Example of Voronoi Treemap

Step-by-Step Guide
To create a Voronoi treemap in Tableau. Add the Voronoi treemap viz extension by going to the Marks card and select Add Extension.

On the pop-up window - go to the search bar and search “Voronoi”.

Select Voronoi treemap by LaDataViz and open it.
Notice the changes on the marks card and the view.
Note you can purchase the extension to enjoy its full features and capabilities.

In this example using the Sample – Superstore dataset, I am going to create a simple Voronoi diagram by dragging State to the color and detail shelf then add Sales to the size shelf.
This creates a Voronoi diagram allowing users to compare Sales proportions at a glance.
Note the area size in the Voronoi treemap is proportional to the Sales generated by the State.

Using the same technique, you can visualize hierarchical data (such as: Category >> Sub-Category) by.
Dragging Category to the detail and color shelf.
Next add Sub-Category to the detail shelf.
And Sales to the size shelf.
This creates a Voronoi treemap as shown below.

Formatting Voronoi Treemap
There are several ways you can format your Voronoi treemap in Tableau using the Format Extension option.

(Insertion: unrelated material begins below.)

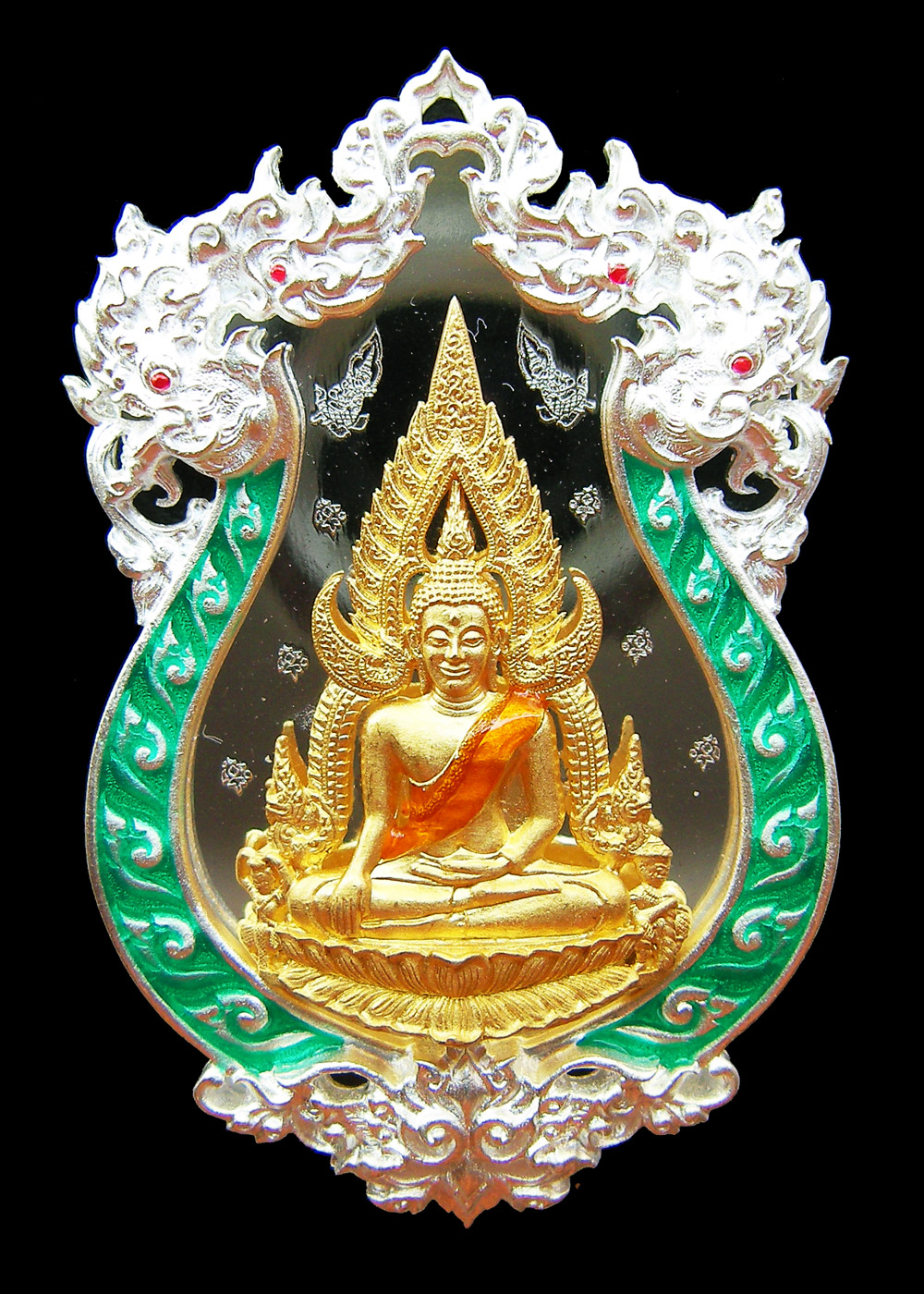 เหรียญฉลุพระพุทธชินราชเงินองค์ทองลงยาสีเขียวNo.๙๙

Some of the formatting options available include.
Changing the Shape Type of the viz.
Choosing the appropriate color palette as well as displaying the legend on the viz.
Customizing the labels.
Customizing the background color as well as the width and height of the viz.
Here are some of the Shape Types you can use to represent your data.
Ellipse

Triangle

Rectangle

Square

Conclusion
Voronoi treemaps offer a visually engaging and intuitive way to represent hierarchical data, making complex relationships more accessible and interpretable. Their organic, irregular cell structures provide a refreshing alternative to traditional rectangular treemaps, improving readability while maintaining proportional data representation. This unique visualization technique finds applications in business analytics, scientific research, urban planning, and digital design, helping users uncover insights in an efficient and aesthetically pleasing manner. As data visualization continues to evolve, Voronoi treemaps stand out as a powerful tool for presenting intricate datasets with clarity and impact.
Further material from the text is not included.